Member of the Storting
- Incumbent
- Assumed office 1 October 2021
- Deputy: Solveig Vitanza (2021–2025) Ronny Aukrust (2025–2026)
- Constituency: Østfold

Deputy Member of the Storting
- In office 1 October 2013 – 30 September 2017
- Constituency: Østfold

Mayor of Fredrikstad
- In office 20 October 2011 – 21 October 2021
- Deputy: Kari Agerup Siri Martinsen
- Preceded by: Eva Kristin Andersen
- Succeeded by: Siri Martinsen

Personal details
- Born: 2 January 1973 (age 53) Borge, Østfold, Norway
- Party: Labour
- Spouse: Anne Gro Bjerknes ​(m. 2023)​
- Children: 3
- Alma mater: University of Oslo Østfold University College
- Occupation: Politician

= Jon-Ivar Nygård =

Norwegian politician (born 1973)

Jon-Ivar Nygård (born 2 January 1973) is a Norwegian politician for the Labour Party. He served as minister of transport from 2021 to 2026. He previously served as the mayor of Fredrikstad from 2011 to 2021.
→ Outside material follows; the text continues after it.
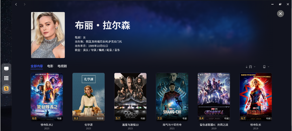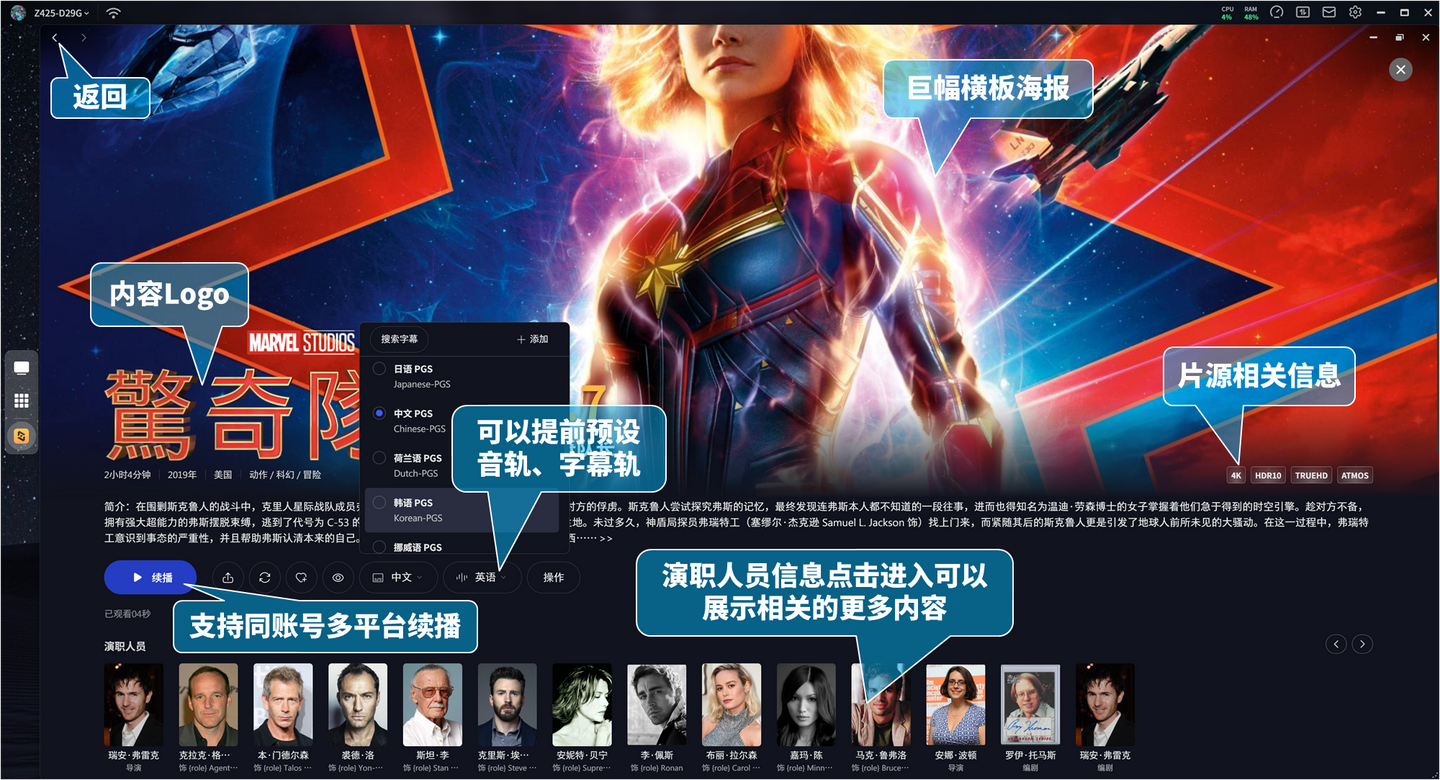 可以看到这个内容随着极空间6年不断的更新,已经变化很大,尤其是横板海报尽量支持4K高清画面,更不会错位,虽然由于窗口的大小不同(支持自适应),看不到惊奇队长的眼睛,但是要素到位了就行了。而对于演职人员列表中的人物,都可以点击进去,极空间会自动列出本地对应的片源,且支持筛选:

==Early and personal life==
Born in Borge, Nygård graduated as cand.mag. from the University of Oslo in 1998. He lives with his partner, Anne Gro Bjerknes, and has three children from a previous relationship. He and Bjerknes married in January 2023.

==Political career==
===Local politics===
He was member of the municipal council of Fredrikstad since 1993, and served as mayor of Fredrikstad from 2011 to 2021. He won re-election in 2015 and 2019. He resigned in 2021 upon entering parlament and his appointment to government and was succeeded by deputy mayor Siri Martinsen.

===Parliament===
Having previously been a deputy representative from 2013 to 2017, Nygård was elected representative to the Storting from the constituency of Østfold for the period 2021–2025, for the Labour Party. While part of the government from October 2021, Solveig Vitanza met in the Storting in his place until 2025 and Ronny Aukrust between 2025 and 2026.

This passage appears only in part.